Les visites médiatiques dans les décombres ne font pas forcément plaisir à tous. "Dégagez!", a hurlé aux journalistes de l'AFP une personne croisée sur une aire de repos, loin cependant de représenter la majorité de ses concitoyens.
En route, les "touristes" font une escale chez un éleveur qui a refusé les injonctions du gouvernement d'abattre son bétail.
Les quelque 300 bovins de Masami Yoshizawa survivent en broutant de l'herbe contaminée.
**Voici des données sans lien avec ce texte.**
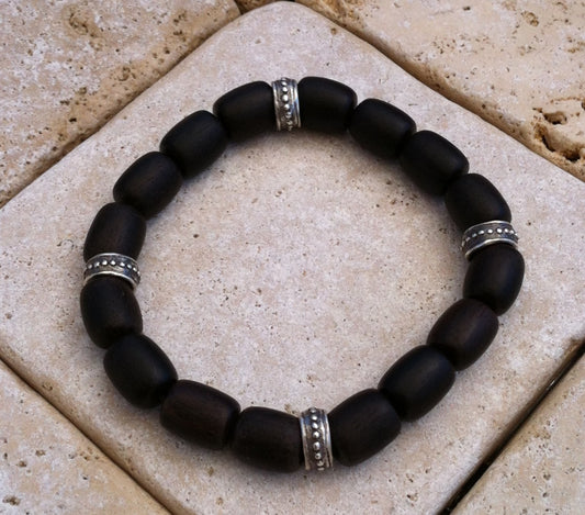 Bracelet - Ebony Wood Beads with Sterling Silver

Pour lui, ce sont des "témoins survivants" du sinistre atomique, maintenus en vie pour protester contre la compagnie Tokyo Electric Power (Tepco), gérante de la centrale nucléaire dévastée, et le gouvernement. "Je veux dire aux gens partout dans le monde, ce qui m'est arrivé peut aussi leur arriver demain", dit M. Yoshizawa.
"Ce n'est pas un voyage joyeux, mais c'est un voyage nécessaire", confie Tom Bridges, un professeur d'anglais qui dit partager l'amertume et la colère des victimes rencontrées durant cette visite d'une journée. "Les autres régions dévastées ont la possibilité d'être reconstruites et de reprendre vie, mais c'est impossible ici à cause des radiations et de la contamination", constate-t-il.
Le guide Niitsuma, originaire de Soma, une ville côtière à environ 35 kilomètres au nord de la centrale accidentée de Fukushima, se sent hanté par le regret de ne pas avoir été assez impliqué dans le mouvement anti-nucléaire avant la catastrophe, même s'il était contre la construction des réacteurs.
"J'aurais dû agir plus activement", se morfond-il. "C'est en partie pour expier que je travaille comme guide".